From a8bab1ca1b50969f3075f3fcf05dcd5893ccc247 Mon Sep 17 00:00:00 2001
From: Sergey Chugunov
Date: Thu, 2 Apr 2026 16:01:11 +0300
Subject: [PATCH 1/9] IGNITE-28242 Move cp readlock up in call stack to ensure
correct lock acquisition ordering
---
.../processors/cache/GridCacheMapEntry.java | 4 ---
.../distributed/near/GridNearTxLocal.java | 35 +++++++++++--------
2 files changed, 21 insertions(+), 18 deletions(-)

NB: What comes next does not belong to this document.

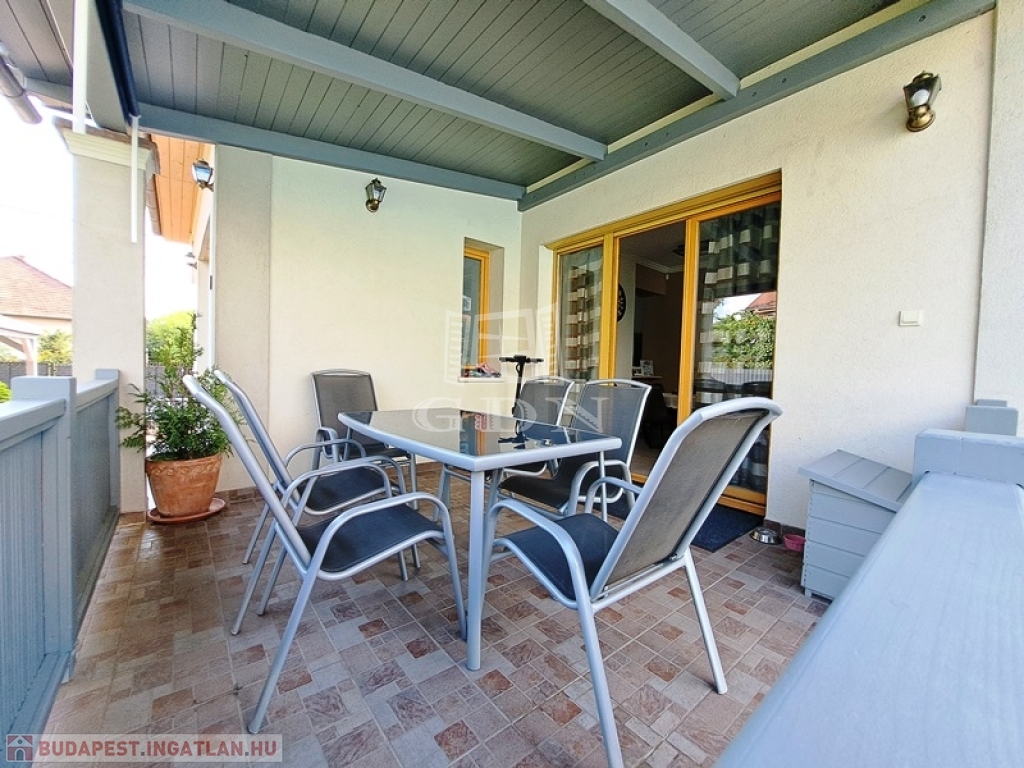 Az intim kert rendezett parkosított, két autó számára fedett autóbeálló áll rendelkezésre.A kert öntözését fúrt kút biztosítja.

diff --git a/modules/core/src/main/java/org/apache/ignite/internal/processors/cache/GridCacheMapEntry.java b/modules/core/src/main/java/org/apache/ignite/internal/processors/cache/GridCacheMapEntry.java
index da6f47073df88..4b2cb3ff27588 100644
--- a/modules/core/src/main/java/org/apache/ignite/internal/processors/cache/GridCacheMapEntry.java
+++ b/modules/core/src/main/java/org/apache/ignite/internal/processors/cache/GridCacheMapEntry.java
@@ -457,8 +457,6 @@ protected GridDhtLocalPartition localPartition() {
boolean deferred = false;
GridCacheVersion ver0 = null;
- cctx.shared().database().checkpointReadLock();
-
lockEntry();
try {
@@ -494,8 +492,6 @@ protected GridDhtLocalPartition localPartition() {
}
finally {
unlockEntry();
-
- cctx.shared().database().checkpointReadUnlock();
}
if (obsolete) {
diff --git a/modules/core/src/main/java/org/apache/ignite/internal/processors/cache/distributed/near/GridNearTxLocal.java b/modules/core/src/main/java/org/apache/ignite/internal/processors/cache/distributed/near/GridNearTxLocal.java
index 3c79a2f908364..a37492fffa4e5 100644
--- a/modules/core/src/main/java/org/apache/ignite/internal/processors/cache/distributed/near/GridNearTxLocal.java
+++ b/modules/core/src/main/java/org/apache/ignite/internal/processors/cache/distributed/near/GridNearTxLocal.java
@@ -2391,21 +2391,28 @@ private Collection enlistRead(
optimistic() ? accessPolicy(cacheCtx, txKey, expiryPlc) : null;
if (needReadVer) {
- getRes = primaryLocal(entry) ?
- entry.innerGetVersioned(
- null,
- this,
- /*metrics*/true,
- /*event*/true,
- null,
- resolveTaskName(),
- accessPlc,
- !deserializeBinary,
- null) : null;
+ cctx.database().checkpointReadLock();
- if (getRes != null) {
- val = getRes.value();
- readVer = getRes.version();
+ try {
+ getRes = primaryLocal(entry) ?
+ entry.innerGetVersioned(
+ null,
+ this,
+ /*metrics*/true,
+ /*event*/true,
+ null,
+ resolveTaskName(),
+ accessPlc,
+ !deserializeBinary,
+ null) : null;
+
+ if (getRes != null) {
+ val = getRes.value();
+ readVer = getRes.version();
+ }
+ }
+ finally {
+ cctx.database().checkpointReadUnlock();
}
}
else {
From b3c8d4e6610daeaa01d46ac00517b3ba3e2e76ff Mon Sep 17 00:00:00 2001
From: Sergey Chugunov
Date: Fri, 3 Apr 2026 15:15:58 +0300
Subject: [PATCH 2/9] IGNITE-28242 Add cp readlock to other places after test
report analysis
---
.../dht/GridDhtTxLocalAdapter.java | 24 ++++---
.../distributed/near/GridNearTxLocal.java | 64 ++++++++-----------
2 files changed, 43 insertions(+), 45 deletions(-)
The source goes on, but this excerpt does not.